I will be glad to talk about accessibility under all sauces, foreign languages, resumes and motivation letters, code reviews, job search in different countries and life in Germany.


AWS ( , iSpring) — 13:00


Looking back, what would you do differently in the project you are going to talk about?

I wouldn’t start working with the RTMP protocol - Flash, it’s still history now :) But seriously, I wouldn’t do anything else. I’ll tell you about the evolution of our video conversion solution, what we’ve come to. And why the current option is probably not the last.

Tell me a small case that will not be included in the report due to timing, but it seems interesting to you?

We once wrote our own media transcoding service to replace AWS-based solutions. The service never got to production, although it was completely ready ... But why, ask on the sidelines.

After the report, we will open a zoom room for communication with you. What can I ask you, in addition to the topic? What other expertise would you like to share?

We can continue the discussion about AWS, because media conversion is not the only problem that we solved there. I am also always ready to discuss architecture, code cleanliness, code review practices.


Psalm not to offer: little-known tools for static code analysis (Alexander Novikov, Spiral Scout) - 14:00


What will you tell about?

In preparing the material, I tried in practice 88 of the 100 tools for static analysis of PHP code: local, cloud, PHP and Go, looking for bugs, style problems, places for refactoring, etc.

In the report I’ll talk about some of them: why, having tried it once, you won’t refuse them, how they work. I will share recommendations and use cases ... Eh, if I could go back in time - I would start research earlier in order to run more tools on real projects)

Tell me a little story that will not be included in the report due to timing, but it seems interesting to you?

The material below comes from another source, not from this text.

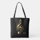 Uma clave moderna de ouro brilhante com notas sobre fundo preto. Monograma opcional

There are 2 well-known code formatting tools: phpcs and php-cs-fixer. If you configure them on the default PSR-2 rules on a large project, then launching the phpcs automatic fixer (phpcbf) will change something after running php-cs-fixer on the same set of files. And php-cs-fixer after phpcbf too. And checks can also fall. And so in a circle.

But if you take easy-coding-standard, which is a wrapper over phpcs and php-cs-fixer, it will format the code in a way that does not match both the first and second separately. So I do not recommend dragging everything into the project at once.

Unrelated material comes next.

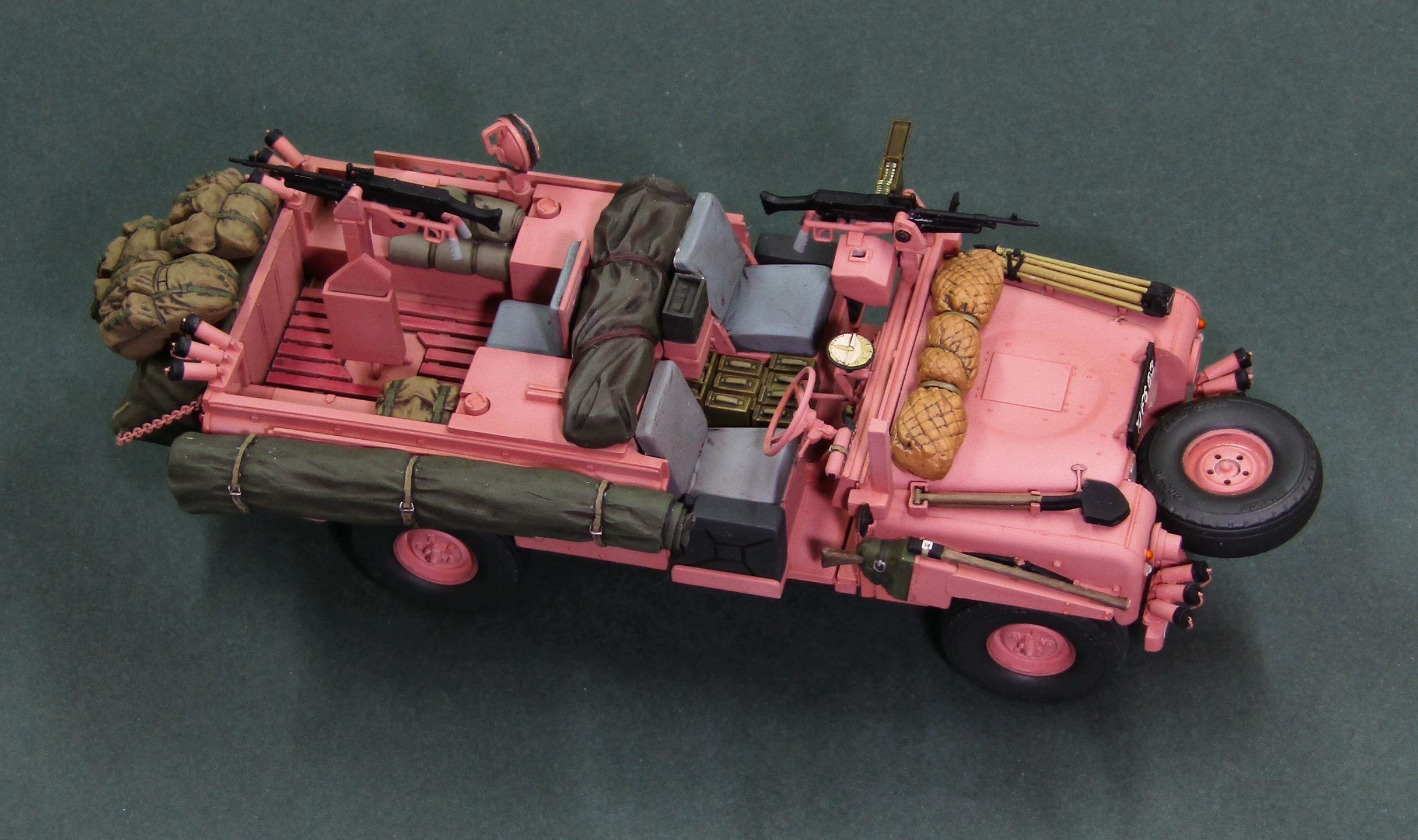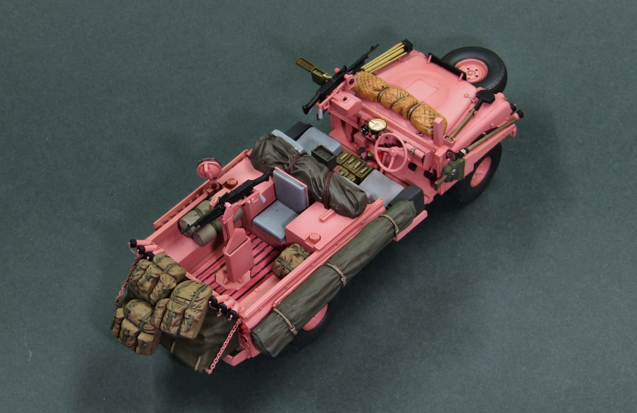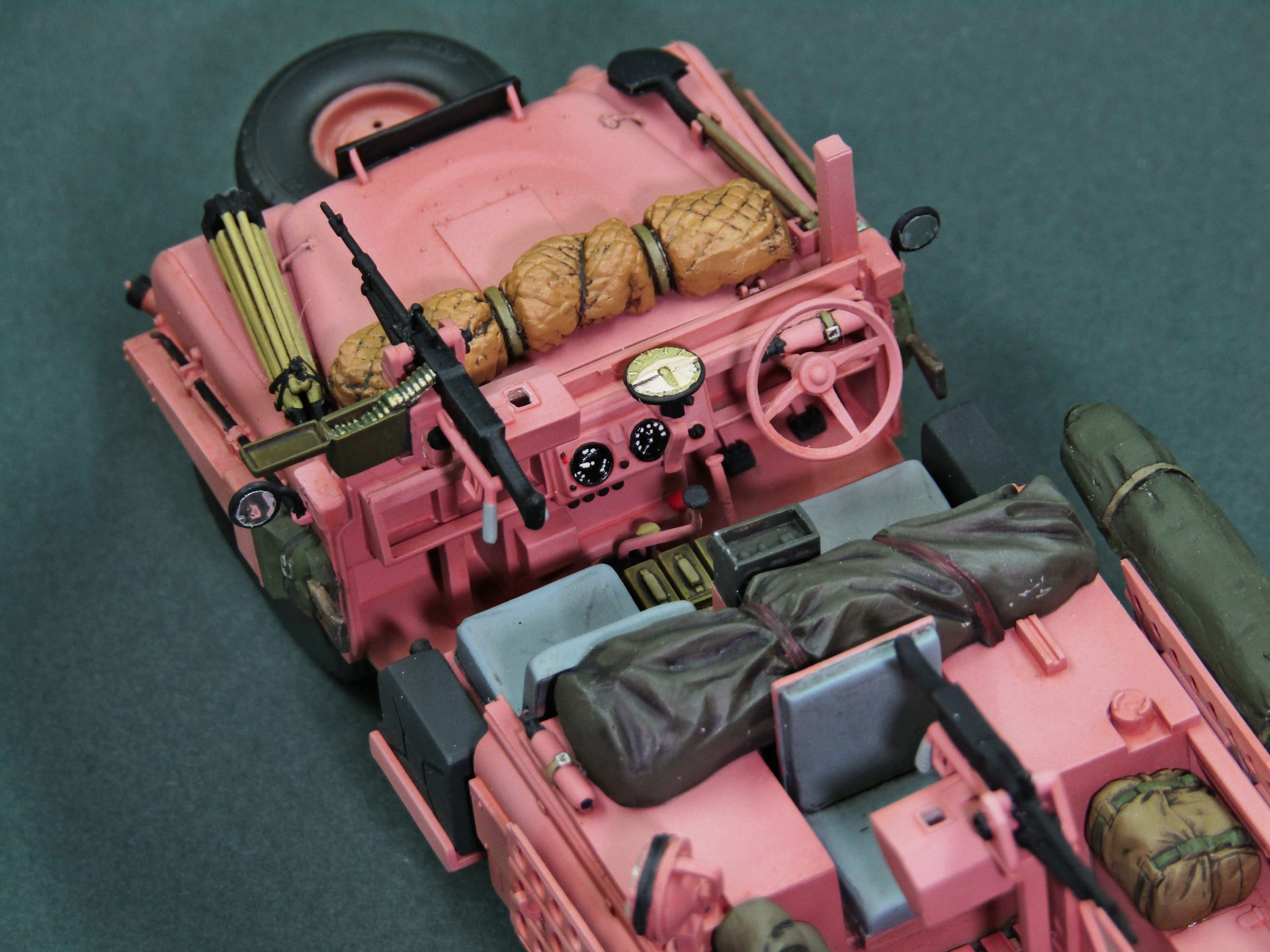 Только что собрал точно такую же модель от Tamiya. Я новичок в моделизме и поэтому хвастаться пока не чем, но при покраске возник вопрос, а надо ли красить в розовый цвет внутри машины. Ну то есть приборную панель, руль, педали, пол в салоне, внутри кузова. Просто я предполагаю, что их красили в полевых условиях, а не на заводе и резона красить больше нужного нет. Кстати, та же история и с Jeep Willys SAS. Только там покрас в песочный цвет. И такой же вопрос возникает при покраске ходовой этих машин, тоже в розовый/песочный/олив драп?

After the report, we will open a zoom room for communication with you. What can I ask you, in addition to the topic? What other expertise would you like to share?

From the most interesting and the latest - I can share the experience of launching real projects on the Roadrunner + Cycle ORM + Spiral and PHP 7.4 stack with the active use of typed properties. There were some nuances.


We automated the delivery as best we could. And now we have 5 languages ​​in the team (Evgeny Salnikov, Lamoda) - 15:00


What are you telling about?

About a team that is not afraid to support several systems in different languages ​​- there are PHP, and Java, and Typescript, and Kotlin, and utilities on Go. When I came to her, I was slightly shocked. Now I'm used to it: I’ll tell you how to be part of such a team, how we plan and support the work of our systems.

Tell me a little story that will not be included in the report due to timing, but it seems interesting to you?

I can tell you on the sidelines how I got a job in this team, why there, how the process of onboarding and hiring was arranged.

After the report, we will open a zoom room for communication with you. What can I ask you, in addition to the topic? What other expertise would you like to share?

I am almost 40, I have run out of a work book and two inserts in it. So I can share how to feel good in IT)

ps We hope that on the 30th you will also feel good and take a look at our online. There will be many more interesting people with interesting experience.